Baby, Come Back!

Having arrived in Warwick, we promptly went nowhere. Back in late October Ortomarine had come to install the new solar panels and replace a motor belt. Ian made quick work of the belt job, giving us a spare, but it was too wet to do the panels. Another date was set but a sickness bug postponed that one. With Christmas, being generally busy, plus cold and wet weather over recent months, another suitable time had not emerged. Shane had been in touch with Ortomarine regularly and has been keeping them abreast of our movements, as requested, so that if the weather, the time and the place all suited they would arrange a visit. He was delighted to hear on our journey south that they planned to come back to us this week.

So yesterday we stayed in the canal centre. It is now BST so I thought it appropriate to break out the locally made jam for breakfast that I had got in the nearby cafe.

Summer pudding

The weather was not summery yet and indeed not up to much at all, but we had a short walk and enjoyed the fruits and flowers of Spring. I noticed the pussy willows that had been mainly soft and hairy when we left the week before, were now completely burst out with pollen and indeed a looking a little past it, though that was possibly the recent rain. There were lots of other bright looking plants to see.

Our route took us through a park, where I was surprised to see a pair of mallard ducks. There is plenty of canal very near but they had chosen a tiny space to swim, but they were managing. They won’t fit a family in there.

We went by the locks, plenty water there and saw a pair of boats going through. Both were lone boaters. We decided to help them with the gates and went over to let them know. The woman, Shane noticed, was wearing a jacket with the words East Coast Organics on it. This was the company from which we used to get a regular delivery of a box of fruit and vegetables until we started boating. Shane couldn’t help commenting. She used to work there and he noticed she had a John Muir Trust sign on one of her plant pots too. She revealed she was from Dunbar and had only been on the boat for two or three months, a brave undertaking to start lone boating, inexperienced in the middle of winter. She climbed down the ladder into the boat and we went to close the gates. They were very heavy gates and I made very slow progress, closing my side, while on Shane’s side, he was struggling to move it at all. I remembered trying this lock before and it being very hard work with people watching from the nearby pub. I shouted to Shane that I thought I had had to go to the very extreme end of the gate, beyond the handle, to get enough leverage to close it. That seemed to work but they were a reluctant pair.

Today was forecast to be pretty wet all morning. Shane made some preparation for the arrival of Ortmarine by doing some mopping up in the engine under cover.

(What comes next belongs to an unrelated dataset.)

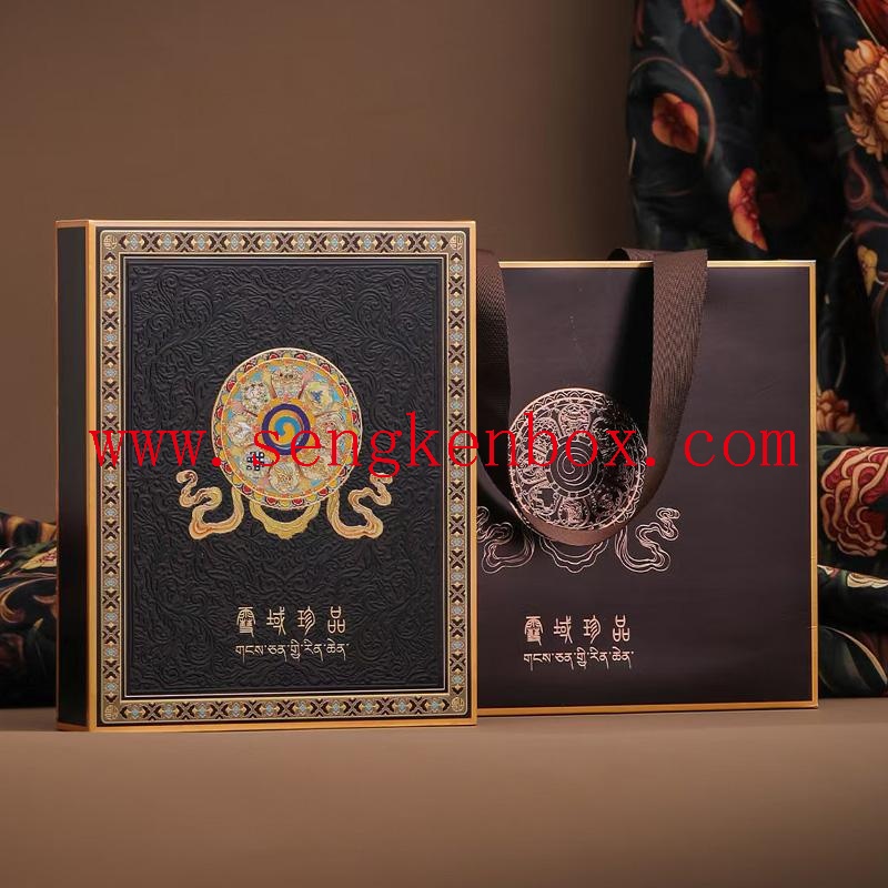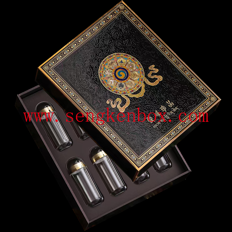 This is our high-end Chinese-Tibetan style empty gift box set named "Snowland Treasure", equipped with 8 independent portable sealed sub-packaging bottles.

Shane in the engine ‘room’

I had some good news. I am a great aunt yet again. The great nephew was long awaited. I knew he was due to be born in March and had hurried to finish a baby garment, to the mum-to-be’s colour specification. Football is in the family, but no team colours were requested and the cardigan would look more at home on the cricket field. I was finished by the end of February and had a matching hat done by March first. When it was time to leave Edinburgh there had been no word of the baby so I took the cardigan, a card and wrapping to the boat. I got it wrapped there, but by the time we were going back to Edinburgh, I wondered if I should leave it. The cardigan came out pretty small so I wanted them to get it promptly and decided to bring it all back to Edinburgh where is sat on a chest of drawers before being carried back to Warwick again. It is a well travelled outfit.

Once the rain stopped I went to the Post Office. Shane and I had different ideas about how to get there. He was suggesting a cut through the supermarket car park and I was intending going straight up the road to town. Both work but his avoided the noisy road. I described a landmark for a junction which he didn’t seem to recognise, a painting on a pub wall at the junction saying Welcome to Warwick, where we turn off to go to the supermarket. Surely he saw it.

Painting of Royal Warwickshire regiment on the side of a pub
Close up of the painting

I found it very striking and notable too that almost everyone in the picture has their back to the viewer. When having a conversation the busy road is best avoided, but it was a quick easy route to the Post Office and I came back the other way to get milk, which took me past some impressive magnolias.

Shane had warned me he might move the boat in my absence but he was still preparing to go when I arrived. His plan was to go somewhere nearby where we couldn’t get rained on. The roof was dry now but due for rain overnight. A few of the Saltisford centre residents waved farewell to us. At the exit where there is a junction, Shane turned the boat around and went backwards to his chosen spot, to the bemusement of a boater at the side. Reversing any distance is usually avoided on a boat. Shane assured him he had a reason. The moorhens we passed were far too busy nesting to pay us any attention. Their nest is well hidden in the bush. I look forward to seeing baby moorhens soon.

Can you see the moorhen and its nest?

His plan was to be under the protection of the wide road bridge which also near a car park. Normally the last place Shane would choose is near a road, and he usually goes for an open aspect so for him this is a rare choice, but they plan to arrive early in the morning to start on the roof, so he wanted to have moved back to here before they come.